§ Given data
· · · · ·

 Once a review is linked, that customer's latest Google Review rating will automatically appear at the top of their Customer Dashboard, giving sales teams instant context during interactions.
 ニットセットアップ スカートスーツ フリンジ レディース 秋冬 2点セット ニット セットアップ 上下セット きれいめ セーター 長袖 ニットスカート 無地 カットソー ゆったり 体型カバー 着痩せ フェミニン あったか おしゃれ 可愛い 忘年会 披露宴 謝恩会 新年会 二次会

· · · · ·

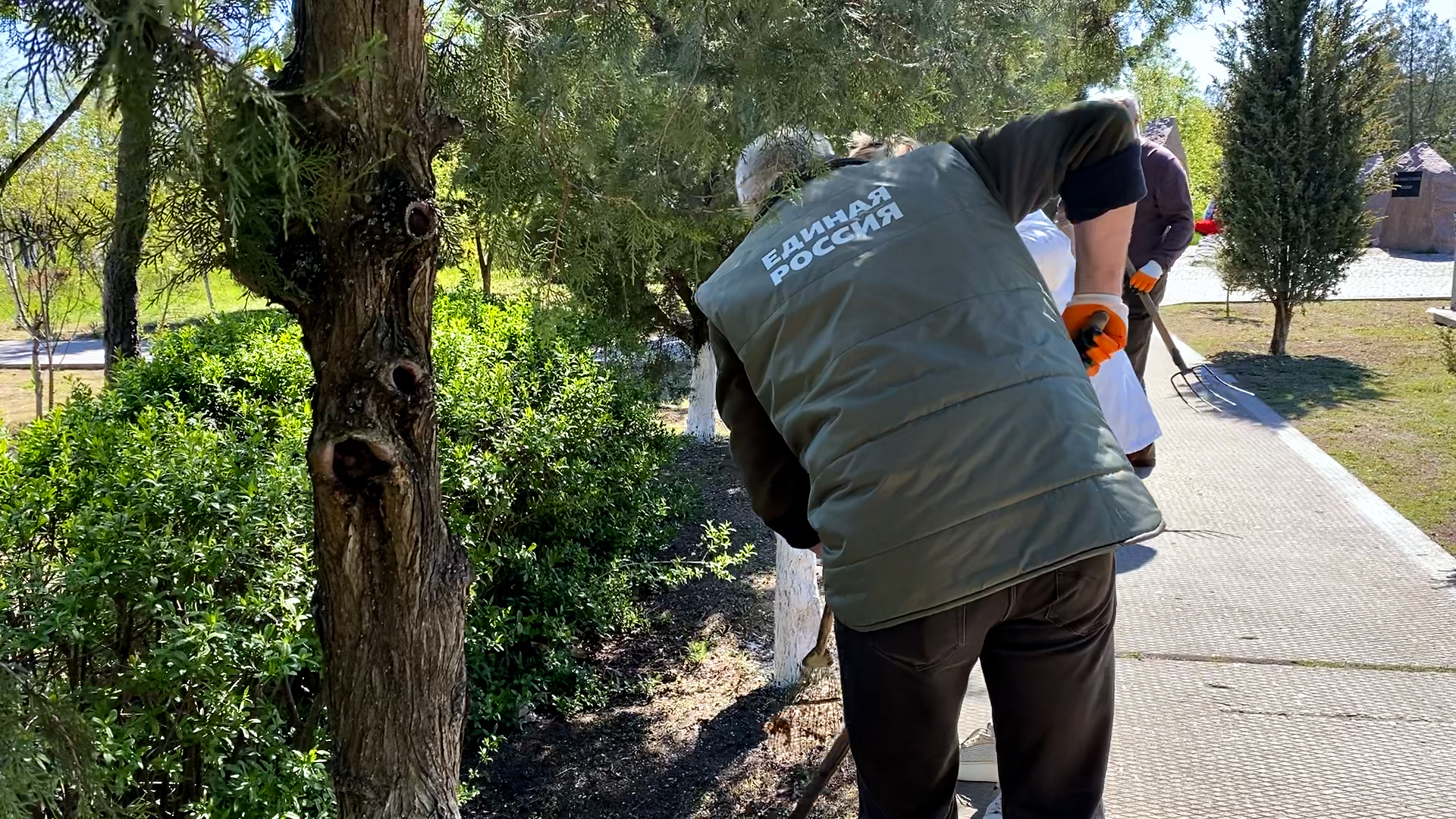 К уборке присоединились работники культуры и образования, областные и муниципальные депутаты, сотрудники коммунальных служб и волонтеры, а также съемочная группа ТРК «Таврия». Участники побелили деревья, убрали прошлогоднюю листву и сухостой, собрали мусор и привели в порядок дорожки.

· · · · ·

§ Your task
Where the listing above reaches the line that contains "Once a review", start retyping, and finish with the line that contains "ニットセットアップ スカートスーツ フリンジ"; reproduce those lines exactly and no others.

§ Written reply
 Once a review is linked, that customer's latest Google Review rating will automatically appear at the top of their Customer Dashboard, giving sales teams instant context during interactions.
 ニットセットアップ スカートスーツ フリンジ レディース 秋冬 2点セット ニット セットアップ 上下セット きれいめ セーター 長袖 ニットスカート 無地 カットソー ゆったり 体型カバー 着痩せ フェミニン あったか おしゃれ 可愛い 忘年会 披露宴 謝恩会 新年会 二次会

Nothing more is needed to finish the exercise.